In the months that have passed since my IV antibiotic treatment ended and my PICC was line was removed, I thought many times of coming back to this space, to share how life is off treatment, and the changes I made in my life to adjust to my new-new-newest “normal.” But it’s been hard to put together neat little stories that can be nicely presented here, because this has been a very emotionally challenging time. Over the last several months, there were certainly moments of joy, fun days with family or friends, and some days without much pain. The majority of this time, though, has been something like grieving – grieving the last 2.5 years of my life which have been so much about this illness. I am grieving the person I used to be. Lyme has taken a lot of things from me, both big and small, and after all the pills, and all the injections, and the supposed golden ticket of IV treatment, it all just added up to a lot of disappointment, and a profound sense of loss.

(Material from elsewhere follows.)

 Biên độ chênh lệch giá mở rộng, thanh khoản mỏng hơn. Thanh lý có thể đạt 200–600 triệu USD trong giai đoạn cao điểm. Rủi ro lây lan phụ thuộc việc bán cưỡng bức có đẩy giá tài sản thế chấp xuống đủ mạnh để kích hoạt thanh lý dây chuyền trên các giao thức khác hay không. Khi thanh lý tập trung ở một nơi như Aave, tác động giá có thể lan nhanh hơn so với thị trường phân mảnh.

In an effort to push myself forward into another phase of coping with this life-changing illness, I started going to therapy, and found myself a new project to focus on. The therapy is helping me to process all that I have gone through, and figure out how to move forward into whatever is next. The new project is that I have turned my dining room into a clothing boutique (what can I say? I don’t do anything small, I guess!) – but more on that later.
I finally came back to this space, in large part because I have arrived at the next phase of my treatment. Yesteray, I met my new Lyme doctor!
Leading up to my first appointment, I was anxiety-ridden. What would this doctor be like? Would she put me on trial for my illness? Would she criticize the treatment I had spent so much time, money, and energy on? Would she insist that I needed some bizarre treatment I’ve never heard of and costs thousands? Would her bedside manner be horrible? Would she, too, throw her hands up and have no idea what to do with me?
And what if she seemed great and capable, and prescribed a new treatment that I would put all my hope into? And then I went through the horrible roller coaster of treatment again…and it didn’t work?
I wasn’t sure I felt ready to start at square one with someone new. I wasn’t sure I was ready for the side effects and herxheimer reactions again. I wasn’t sure I was ready to potentially be disappointed again.
I was scared.
I am now very pleased to report that my new doctor is a quirky delight who GAVE ME CANDY (Yes! Candy for grown-ups at the doctor’s!), and IS A LYME SURVIVOR HERSELF. She seems immensely knowledgeable and capable, and I am cautiously hopeful about what is to come.
I won’t get too deep into treatment details just yet, but I will tell you that today I started a course of Coartem, an anti-parasitic aimed at killing Babesia, that very stubborn co-infection that afflicts so many Lymies like me. I swallowed just a half dose of them today (too scared to take it all!), and am now back in that all-too-familiar place of waiting to see how and when it will hit me. It will undoubtedly make symptoms flare, but it is anyone’s guess which ones, how much, when, and for how long.
Beyond this Babesia treatment, there is more on the horizon for me. None of it sounds fun, but all of it sounds smart, and most importantly, it gives me hope.